En Caracas, había unos puestos en algunas urbanizaciones que vendían cuatros,  al verlos empezaba la cantaleta de “cómprame un cuatro”. Por fin un diciembre tuve el bendito cuatro que había costado la fortuna de 25 bolívares. Ese gesto maternal definió mi destino. Tocar y tocar, las propagandas, los programas, llevarlo al colegio y tocar canciones del método de Oscar Delipiani. El cuatro me ayudó mucho a conocer personas, reconocer el país y… a ocupar mi ocio.
Hacia finales de los setenta, en la época del ta’ barato dame dos venezolano, mis padres invirtieron en el aprendizaje de una lengua.  Todos o casi todos en mi casa pudimos salir del país aprender inglés, eso nos abrió muchas oportunidades.

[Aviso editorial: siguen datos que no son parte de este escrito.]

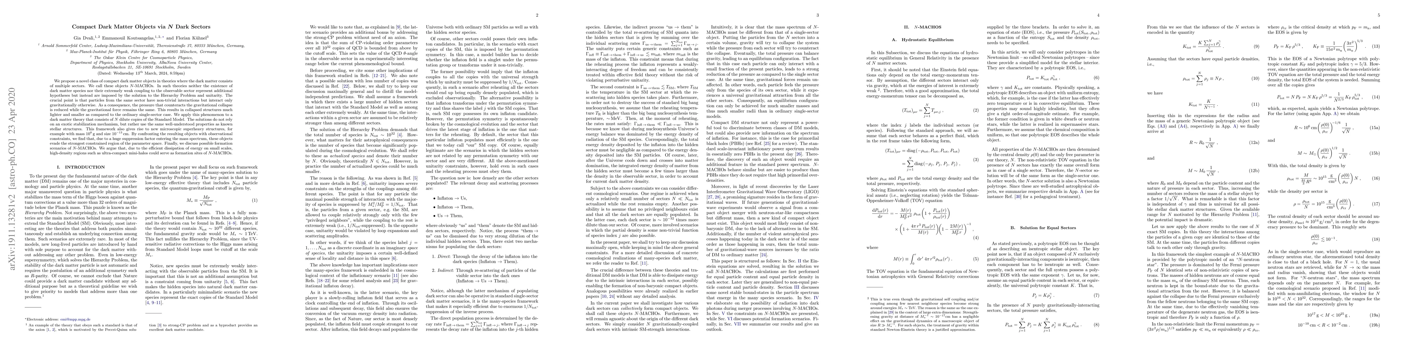 We propose a novel class of compact dark matter objects in theories where the dark matter consists of multiple sectors. We call these objects $N$-MACHOs. In such theories neither the existence of dark matter species nor their extremely weak coupling to the observable sector represent additional hypotheses but instead are imposed by the solution to the Hierarchy Problem and unitarity. The crucial point is that particles from the same sector have non-trivial interactions but interact only gravitationally otherwise. As a consequence, the pressure that counteracts the gravitational collapse is reduced while the gravitational force remains the same. This results in collapsed structures much lighter and smaller as compared to the ordinary single-sector case. We apply this phenomenon to a dark matter theory that consists of $N$ dilute copies of the Standard Model. The solutions do not rely on an exotic stabilization mechanism, but rather use the same well-understood properties as known stellar structures. This framework also gives rise to new microscopic superheavy structures, for example with mass $10^8\,$g and size $10^{-13}\,$cm. By confronting the resulting objects with observational constraints, we find that, due to a huge suppression factor entering the mass spectrum, these objects evade the strongest constrained region of the parameter space. Finally, we discuss possible formation scenarios of $N$-MACHOs. We argue that, due to the efficient dissipation of energy on small scales, high-density regions such as ultra-compact mini-halos could serve as formation sites of $N$-MACHOs.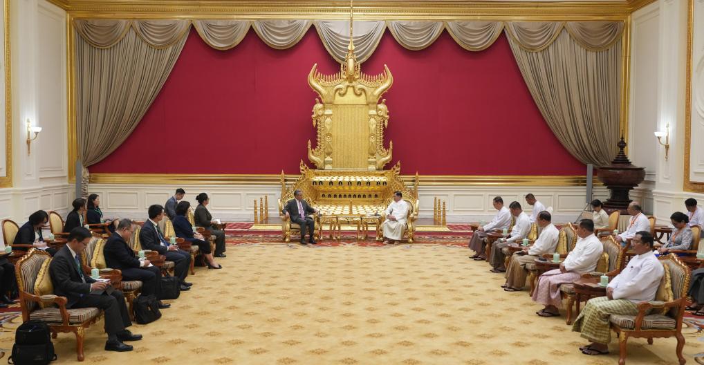 Myanmar's new President U Min Aung Hlaing meets with Wang Yi, a member of the Political Bureau of the Communist Party of China Central Committee and Chinese foreign minister, in Nay Pyi Taw, Myanmar, April 25, 2026. (Xinhua/Li Guangtao)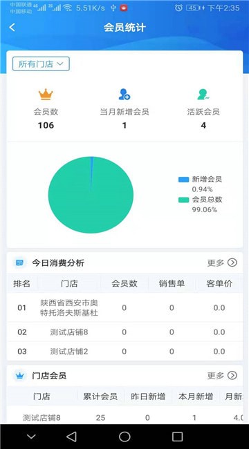 2、新增会员,智能统计门店新增会员的情况,系统的帮助用户记录新增会员的人数;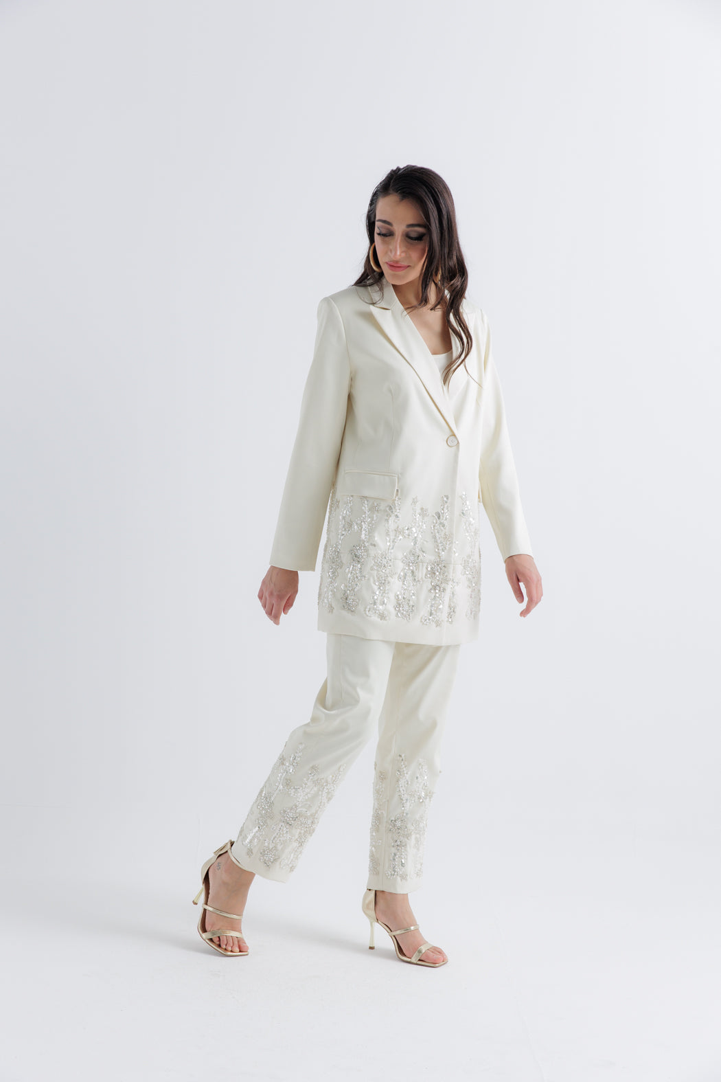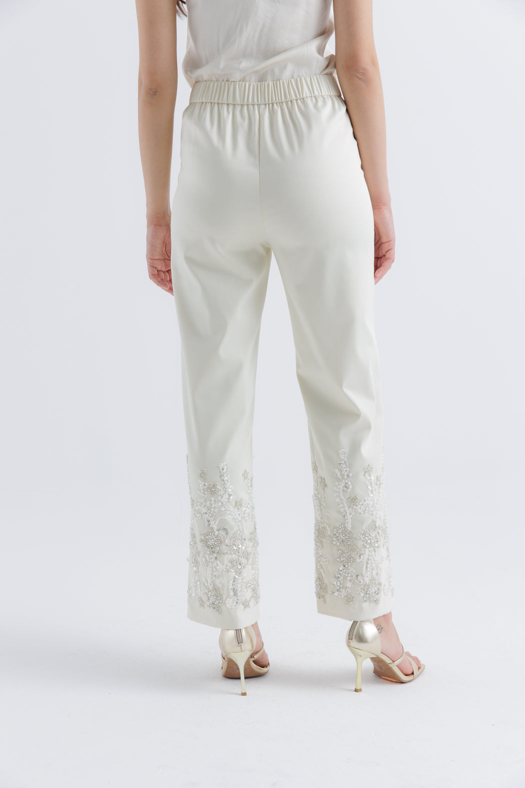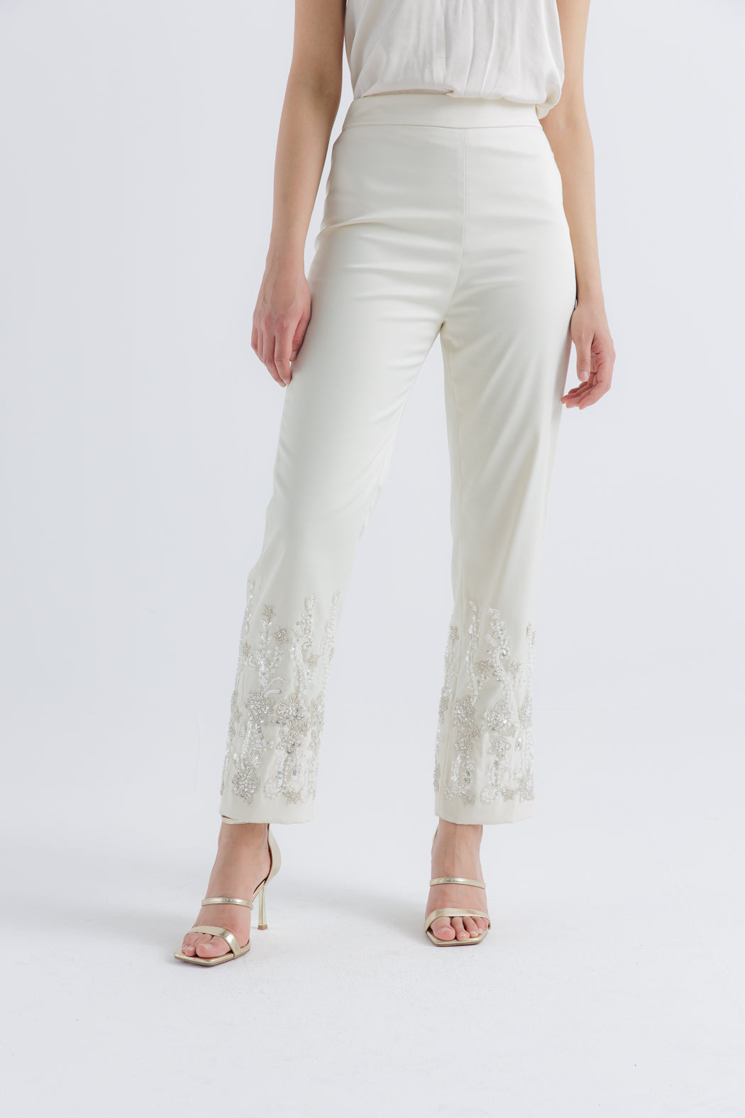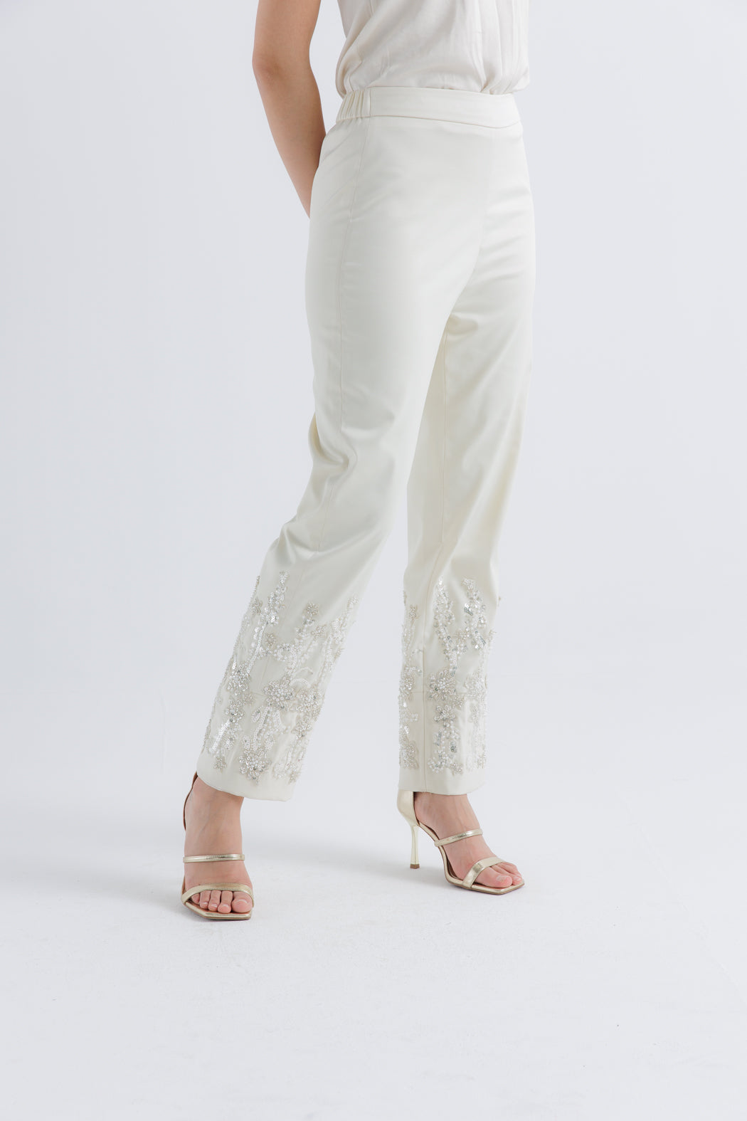 ارتقي بإطلالتك في العيد مع هذا البنطال الفاخر المصمم بأسلوب راقٍ يناسب المناسبات الخاصة. مصنوع من قماش فاخر، يتميز بتطريز يدوي دقيق بزخارف زهرية على الحافة، مما يضفي لمسة من التألق والفخامة على مظهرك. يوفر التصميم ذو الخصر العالي والقصّة المستقيمة مزيجًا مثاليًا من الأناقة والراحة، مما يجعله خيارًا مثالياً لعشاق الموضة العربية العصرية.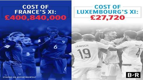 卢森堡作为欧洲赛区公认的送分童子,球队当中一大部分球员都是业余,与法国队格里兹曼、勒马尔、姆巴佩、博格巴、拉卡泽特这些巨星相比,简直是天壤之别。两队之间根本就不需要从实力分析对比,可以毫不夸张的说,法国即便派出青年队出战,赢球也是板上钉钉的结果。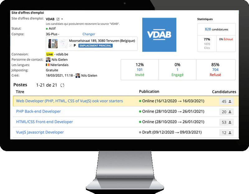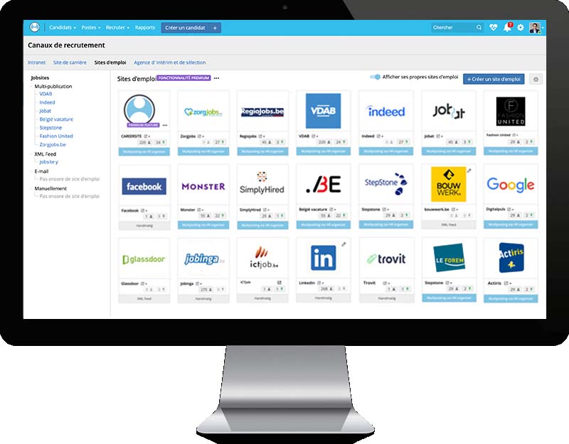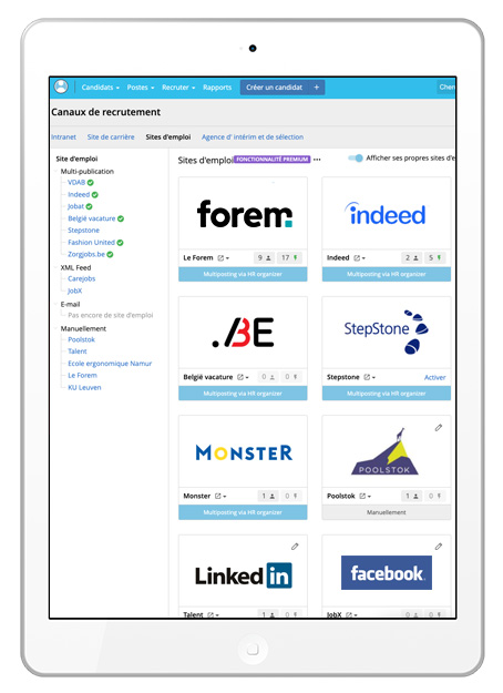 Publiez vos offre d’emploi sur divers sites d'emploi directement à partir du HR organizer.

El  esfuerzo de mis padres rindió frutos en todos nosotros.  En mi viaje a Boston llevé mi cuatro, allí fue donde descubrí lo que hacia la música, sobre todo la música venezolana.
Toqué en la calles para comer cuando no llegaba la renta desde Venezuela, di serenatas junto a  un cantante peruano, parrandeé  hasta el cansancio y conocí a grandes músicos. Justamente, fue gracias a un excelente músico venezolano, Mauro Tortolero, que el cuatro adquirió otra dimensión. Mauro tocaba todos o casi todos los instrumentos, su experticia era el contrabajo pero tocaba con maestría el arpa llanera, tenía una guataca prodigiosa y una memoria inmensa. A fuerza de caseticos e instrucciones de cómo rasguear con la mano derecha aprendí muchísima música llanera que él me grababa y luego corregía cuando le acompañaba en el arpa.
Un día me dijo: vamos a tocar en televisión, tenemos que ensayar. Así conocí a “Pito” quien tocaba las maracas; el bajista, lamentablemente no recuerdo su nombre; Mauro en el arpa y yo en el cuatro. El éxito fue inmediato tocamos en todas partes, nos invitaron a Nueva York a tocar en la Catedral de San Patricio, era mi primer viaje como músico en el exterior, yo no podía con la emoción.
Tocábamos un domingo, partimos el sábado y dormimos en Queens. Para aliviar los nervios del grupo tocamos en una oficina del consulado de Venezuela en Nueva York que se encontraba al lado de la Catedral, todo estaba saliendo muy bien, salimos del consulado y llegamos. Allí estaba San Patricio, mi primera impresión fue extraña, desde afuera la Catedral se veía pequeña como sumergida entre rascacielos. Cuando entramos y se abrió el espacio de la nave principal, todo era inmenso y estaba completamente llena de gente.
Un pequeño detalle, en el trayecto del consulado a la Catedral lo hicimos a pie por la cercanía, recuerdo que hacía mucho frio. Cuando estábamos listos para tocar las 32 cuerdas del arpa se habían  desafinado debido a la temperatura. Mauro con la viveza y rapidez del músico popular teniendo el público esperando, decide no afinar hacia arriba sino que nos pidió al bajista y a mí bajar medio tono. Él tan solo ajustó algunas cuerdas, la rápida operación fue un éxito, ¡afinados!
En el proceso, el único que no había participado era el maraquero, se había quedado extasiado ante el altar, un gran Cristo arriba de nosotros  y las casi 3000 personas que habían acudido esa tarde. Cuando empezamos a tocar el ritmo no cuadraba, las maracas estaban atravesadas. Mauro se da cuenta y comienza a recitarle en el oído al maraquero: picante, picante, picante, señalándole el acento mientras tocaba. Este demasiado nervioso no acertaba el ritmo, estaba arruinando el número. Fue allí el momento memorable de esta experiencia.
Mauro le dijo en voz baja pero con firmeza: ¡Pito,  Pito! mira pa’rriba.
El maraquero asustado le pregunta: ¿qué, ...qué veo?  
Mauro: ¡mírale las bolas a  Cristo!
Pito espetó con una sonrisa: no seas falto e’respeto, estamos en el altar de la iglesia.
Inmediatamente como por arte de magia, Pito agarró el tiempo, todos nos reímos en silencio con picardía cómplice y la música fluyó perfecta el resto de la tarde. Fue un concierto memorable.   Los recursos del músico popular son insospechados.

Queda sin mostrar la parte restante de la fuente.